In onze inleiding stellen wij inderdaad dat het werkingsmechanisme van de nieuwe medicamenten berust op ‘stimulering van de zogenaamde incretinen’. Om redenen die correct uiteengezet worden door collegae Diamant en Buck, maar die ook uitvoerig ter sprake komen in ons artikel, is die formulering wat ongelukkig gekozen.

Er zijn wel degelijk aanwijzingen dat GLP-1 een direct effect heeft op de werking van insuline. Gedulin et al. documenteren een gunstig effect van exenatide op de insulinegevoeligheid bij ratten, dat onafhankelijk is van voedselinname, lichaamsgewicht, HbA1c, en plasmaconcentraties van glucose en cholesterol.1 Het is inderdaad uiterst onzeker of GLP-1-receptoren tot expressie komen in de lever en de spieren. GLP-1 beïnvloedt de werking van insuline echter zeer waarschijnlijk via cerebrale receptoren die neuro-endocriene regelsystemen activeren.2

Wij hadden in het geheel niet de bedoeling te suggereren dat DM2 wordt veroorzaakt door een GLP-1-deficiëntie. In alle eerlijkheid kunnen wij de tekst waar dat uit zou blijken ook niet goed terugvinden. Er is echter consensus over vermindering van het incretine-effect bij DM2.3 Die afname wordt mede bepaald door lage plasma-GLP-1-concentraties en/of een verminderde expressie van de GLP-1-receptor. Het is juist dat deze endocriene veranderingen waarschijnlijk (in ieder geval deels) secundair zijn aan de metabole conditie.4 Dat neemt niet weg dat GLP-1 een scala aan endocriene en metabole effecten heeft die verstoord zijn bij DM2. Het medicamenteus opheffen van een incretinedeficiëntie is dus een rationele therapie voor deze ziekte.

H. van Bronswijk
E.A. Dubois
H. Pijl
A.F. Cohen
Literatuur
  1. Gedulin BR, Nikoulina SE, Smith PA, Gedulin G, Nielsen LL, Baron AD, et al. Exenatide (exendin-4) improves insulin sensitivity and β-cell mass in insulin-resistant obese fa/fa Zucker rats independent of glycemia and body weight. Endocrinology. 2005;146:2069-76.

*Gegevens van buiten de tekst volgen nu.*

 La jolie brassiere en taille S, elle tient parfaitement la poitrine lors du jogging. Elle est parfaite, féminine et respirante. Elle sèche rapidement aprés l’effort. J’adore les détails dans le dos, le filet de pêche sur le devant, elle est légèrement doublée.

  2. Sandoval DA, Bagnol D, Woods SC, D’Alessio DA, Seeley RJ. Arcuate GLP-1 receptors regulate glucose homeostasis but not food intake. Diabetes. [ter perse].

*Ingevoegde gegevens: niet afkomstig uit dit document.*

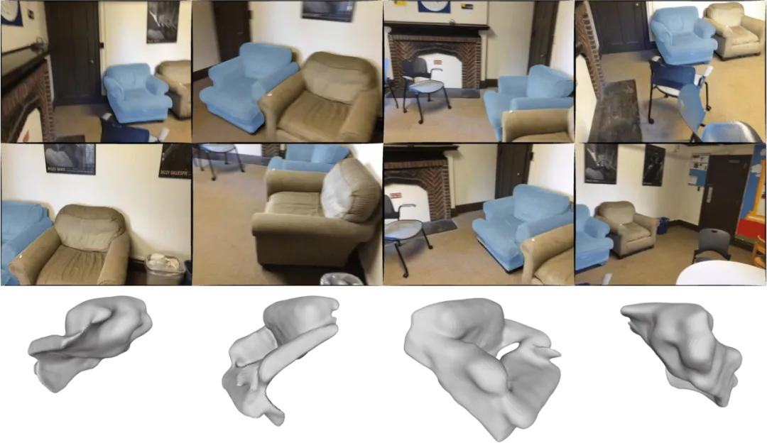 随着 NeRF 和 NeuS 等技术的发展,imap 和 vMap 等技术能够利用可微渲染来优化物体的几何结构,这些方法能够重建出更加贴合真实物体表面的网格模型,也能够重建多个类别的物体,打破单一物体类别的限制。然而,由于场景内部拍摄角度的约束,很多物体都是被遮挡的,比如靠近墙壁的物体,或者彼此遮挡的物体。在物体被遮挡的情况下,这些方法重建出的物体往往是不完整的,如下图所示。这些不完整的三维模型无法支持大角度的旋转和大范围平移,就很难被各种下游任务利用。
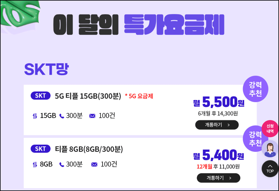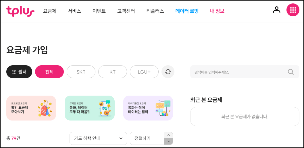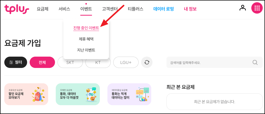 알뜰폰 검색을 해보다가 기존의 SKT 통신사를 이용하고 있어서 알뜰폰 3사 망을 모두 사용하고 있고 규모가 커보이는 티플러스를 선택하게 되었습니다. 티플러스를 방문하면 많은 행사를 진행하고 있으니 본인이 원하는 금액대를 3사 통신망(SKT, LGU+, KT) 모두 확인하실수 있습니다.

  3. Vilsbøll T, Holst JJ. Incretins, insulin secretion and type 2 diabetes mellitus. Diabetologia. 2004;47:357-66.

  4. Højberg PV, Zander M, Vilsbøll T, Knop FK, Krarup T, Vølund A, et al. Near normalisation of blood glucose improves the potentiating effect of GLP-1 on glucose-induced insulin secretion in patients with type 2 diabetes. Diabetologia. 2008;51:632-40.